Yeah I agree with giving the crate a try. If I don't crate my dog and I leave the apartment...he has a nervous release of his bowels like the SECOND I leave :teehee: Poor guy. But in the crate he's fine and he just chills out.
As soon as he got used to it, it really did become his "space." He goes in there to hang out on his own if there are too many people out. I also use it as a "time-out" space. When he gets too wild or exhibits behaviors I'm looking to extinguish, I completely "turn off." A brief and stern "No" and then no eye contact, no physical contact, and a deeply voiced "KENNEL" and I point. No matter where we are in the apartment, he immediately stops whatever he was doing and trots off to his kennel to go sit for a minute or two and calm down. He has, however, mastered the look over the shoulder at the last second with a pathetic puppy-dog face :rofl: .
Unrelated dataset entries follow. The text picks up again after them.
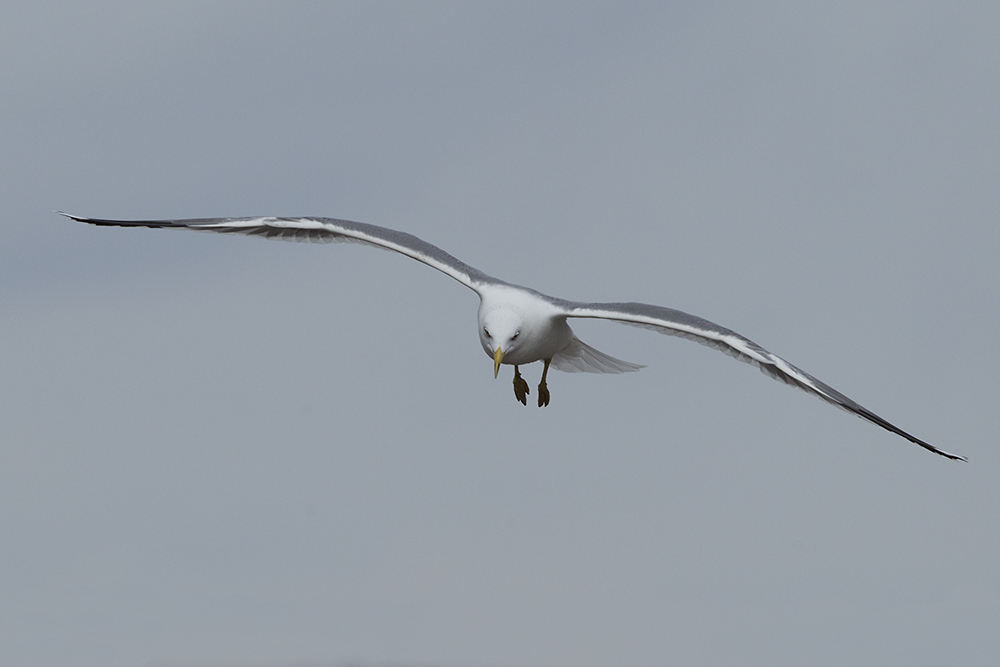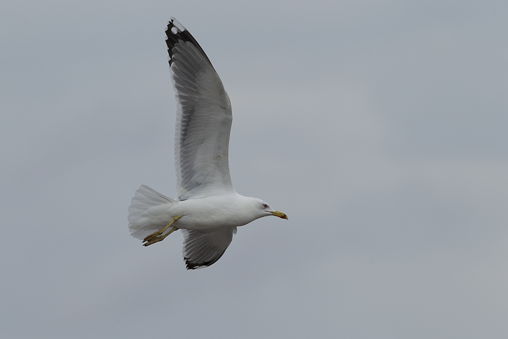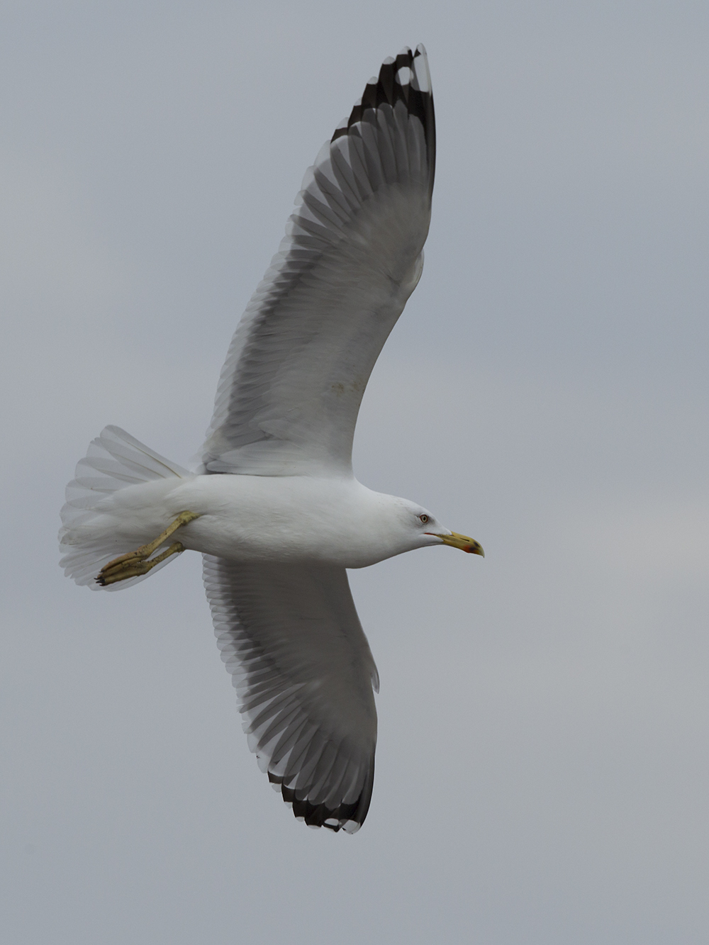 Larus cachinnans adult, January 05 2013, Ashdod, Israel. Picture: Amir Ben Dov. Obvious deep pale tongue on underside of P10. Less black than white in P10 (medial band not as broad as white tip). Broken subterminal band on P10. Broad band on P5 and no black on P4. Pale iris and hint of gonys angle gives it a michahellis look. |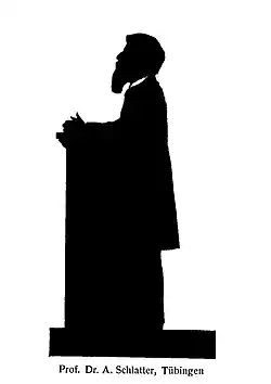 - ↑ So Schlatter selbst gegenüber seinem Freund Wilhelm Lütgert: Werner Neuer: Adolf Schlatter. Ein Leben für Theologie und Kirche, 1996, S. 753f.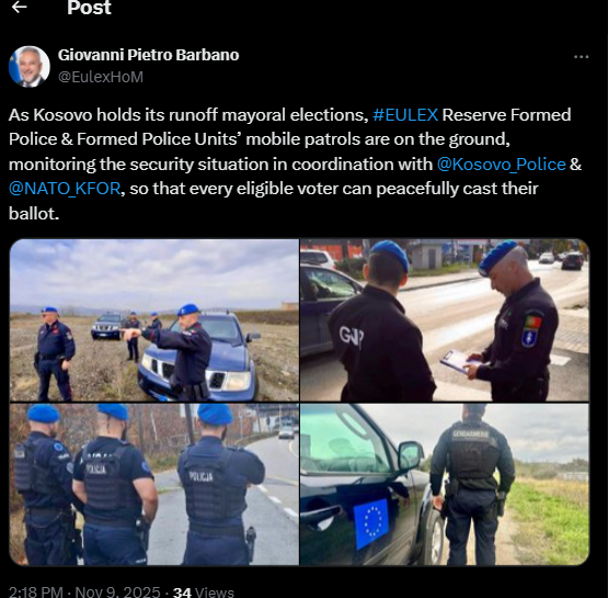 ‘’Ndërsa Kosova po zhvillon raundin e dytë të zgjedhjeve për kryetarë komunash, patrullat mobile të Njësive të Policisë së Formuar dhe të Policisë së Formuar Rezervë të EULEX janë në terren, duke monitoruar situatën e sigurisë në bashkëpunim me Policinë e Kosovës dhe KFOR, në mënyrë që çdo qytetar me të drejtë vote të mund ta ushtrojë lirshëm dhe paqësisht të drejtën e tij për të votuar’’, është thënë nga Barbano. /Lajmi.net/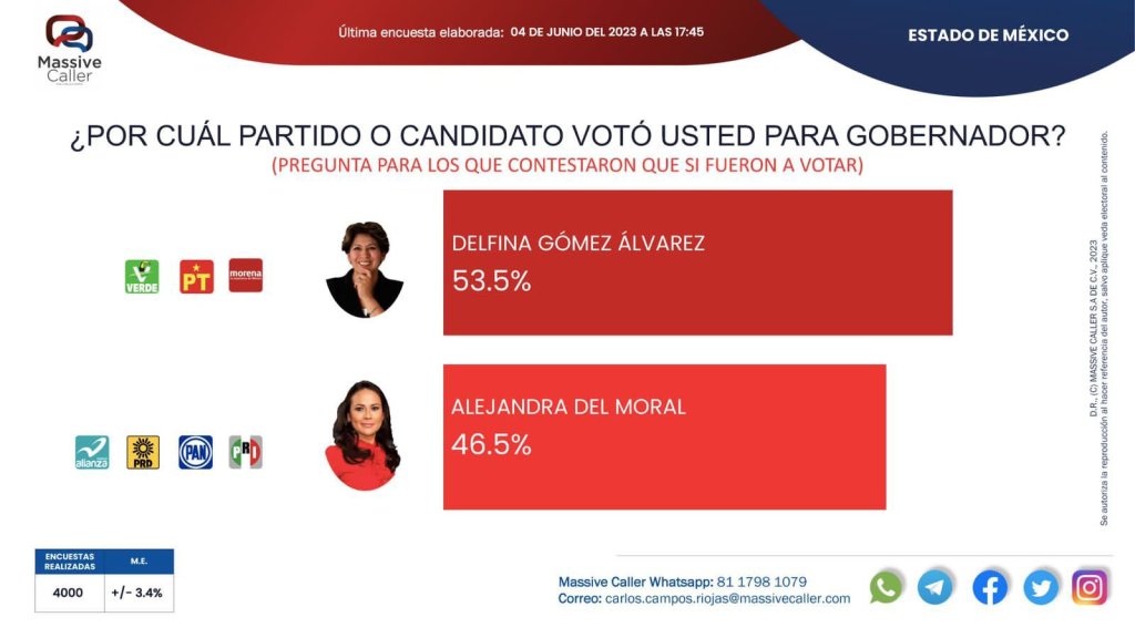 Una de las encuestas de salida, mencionada en su discurso «del triunfo», por Mario Delgado, da una ventaja de 53.5 contra 46.5 de Alejandra, obviamente, la encuestadora que lo dice es Masive Caller, la encuestadora de Morena.
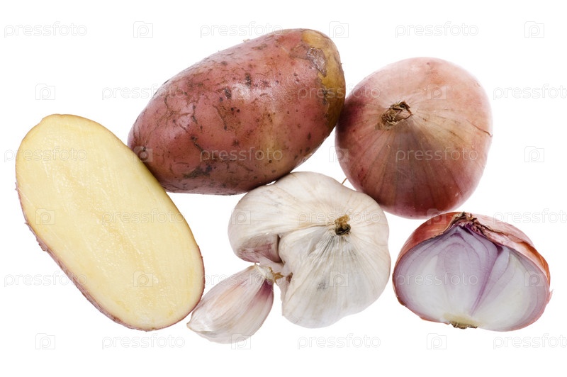 Картофель, чеснок и лук на белом фоне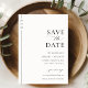 Markera dina kalendrar med vår minimalistiska svarta och vita Bröllop spara datum. Den här prisvärda, minimalistiska designen belyser din speciella dags detaljer i en svart och vit elegant. Perfekt för ett sofistikerat firande, det anger tonen med klassisk elegans, byggande förväntan och upphetsning för det kommande bröllop.
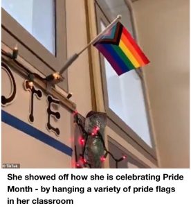 In the video, she admitted she’d removed the American flag because it made her ‘uncomfortable’, and told her class to say the Pledge of Allegiance to the gay pride flag.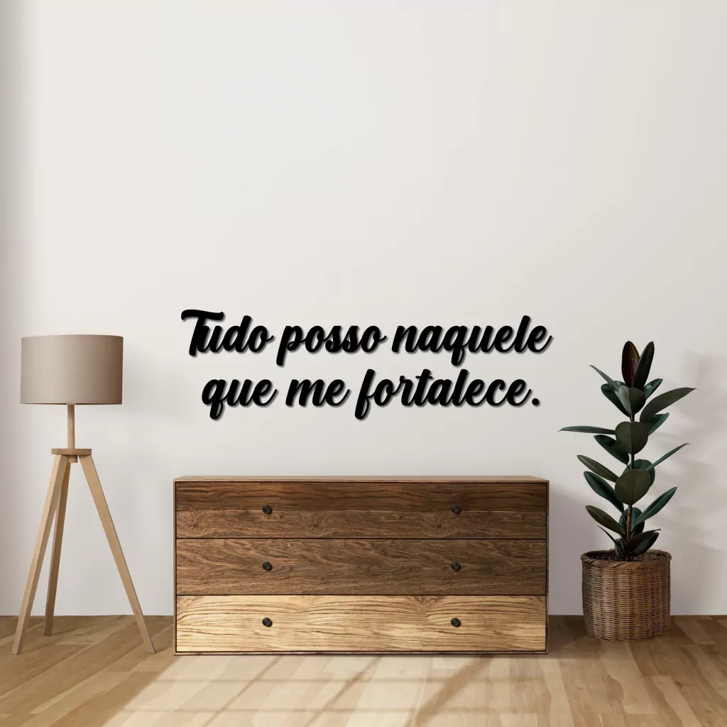 Escrita: "Tudo posso naquele que me fortalece." Uma peça que não apenas exibe a elegância do material, mas também serve como um lembrete constante do poder interior que capacita a superar desafios. Decore seu espaço com esta mensagem inspiradora e edificante.

Interrupting the "bad" behavior as it's happening is really key with dogs. They can't learn from a correction if they don't know what's being corrected. And with dogs it really has to be simultaneous.
Also--did you mention that this is a young female? Cuz if the puddles are warm when you get home, she could be excitement-peeing. It's common for female dogs to run up and say hi when you get home by leaking a piddle. It's a submissive thing. It can be a little harder to train out, but sometimes they also grow out of it. My brother's dog still does it occasionally.
(wow that post got long!)
ETA--oh yeah, crate size! Don't make the mistake of getting a crate that's too big. She should have just enough room to comfortably sit, stand up, turn around, and lie down. Any bigger and it defeats the "don't poo where you sleep" idea.